Takılardan bir demet

 Ankaraya geldikten sonra, çocuklardan arta kalan zamanımda beni rahatlatacak bir uğraş arayışıyla başladı takı yapma merakım.Daha önce, takı yapma işi tam sana göre bir iş, bir başlasan bir daha bırakamazsın diyenler olmuştu ama bu kadar uzun ve artarak devam edeceğini düşünmemiştim işin açıkcası.Şimdilerde ise buna keçe, dikiş, peçete halkası,taç, toka, ve en nihayetinde ahşap boyama da eklendi.4 tane çocuktan nasıl vakit buluyorsun?diye soruyor etrafımdaki insanlar.Onlara genellikle şu cevabı veriyorum;
 -İnsanın en üretken olduğu dönem, en sıkıntılı olduğu dönemmiş,....Sıkıntılardan kurtulabilmek için insan kendine, günlük uğraşları dışında ,ona bu sıkıntı yada monotonluğu unutturacak bir uğraş bulması gerekli.Beni de bu uğraşlara yönlendiren  günlük işlerimin çokluğu herhalde...Ama tüm zorluklerına  rağmen dünyanın en güzel şeyi çocuk sahibi olmak ... Allah her isteyene gönlünce versin...Bizim çocuklarımızı da hayırlı insan hayırlı evlat etsin İA.



















   Takılarımdan bazıları;
                                     sizce nasıllar?

23 Nisan 2012 Pazartesi

çay kutularının dönüşümü (painted tea cans)

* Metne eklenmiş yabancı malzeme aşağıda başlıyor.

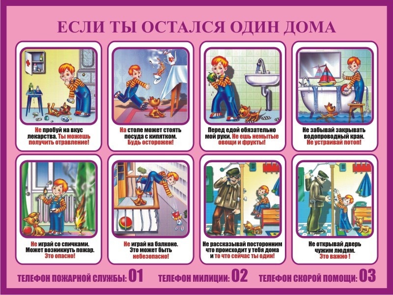 Если ты остался один дома, не открывай посторонним людям дверь, даже если это твои соседи. Если человек за дверью представился знакомым твоих родителей, или работником полиции, почты, попроси зайти их позже, назвав время прихода твоих родителей. Если пришедший человек говорит, что пришла срочная телеграмма, попроси ее зачитать, но не открывай дверь. Если тебе говорят, что ты заливаешь соседей снизу, скажи, что сейчас к ним придут, а сам проверь, нет ли воды на полу в ванной, туалете и кухне, позвони родителям или родственникам, живущим поблизости, и пусть они сходят к соседям ниже этажом.

Evde birikmiş, atılmaya kıyılamamış çay kutularına, bendeniz acemi boyacı tarafından farklı bir görünüm kazandırılmıştır...

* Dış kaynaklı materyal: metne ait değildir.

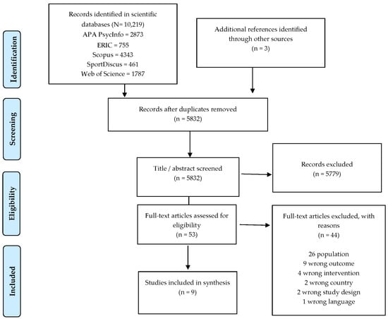 The literature search was conducted in ERIC, APA PsycInfo, Scopus, SPORTDiscus and Web of Science. Studies published between 1 January 2000 and 6 April 2022 with full text in either Danish, Swedish, Norwegian, English or German were included. Duplicates were removed before starting the review process. The review process followed the inclusion and exclusion criteria (see Table 1).

kamera çantası (camcorder case)

Kızım ve büyük oğlum kendilerine bir kamera sipariş verdiler.Kameranın gelişinin ertesi günü de 15 tatile gidecek olunca acil birde kamera çantasına ihtiyaçları oldu.O akşam ki çalışmalar sonucu ortaya bu çıktı.Onlar çok beyendiler.


                






Sizce nasıl....

21 Nisan 2012 Cumartesi

Bloguma başlıyorum.

 Merhaba,
Uzun zamandır tasarladığım şeyleri daha fazla kişi ile paylaşabilmek için dünyaya sanal bir pencere açmak istedim.Paylaşımlarım daha çok  el sanatları alanında olacak.Umarım sizlerede yeni ilhamlar verir.Güzel paylaşımlar için ;
                          tekrar merhaba....
                                                        Özlem.
  Hi,
I have opened a blog to share my craft projects with more people.I hope that they will be a bit of inspiration to you. To share beautiful projects ,
                      talk to you soon...
                                                Özlem.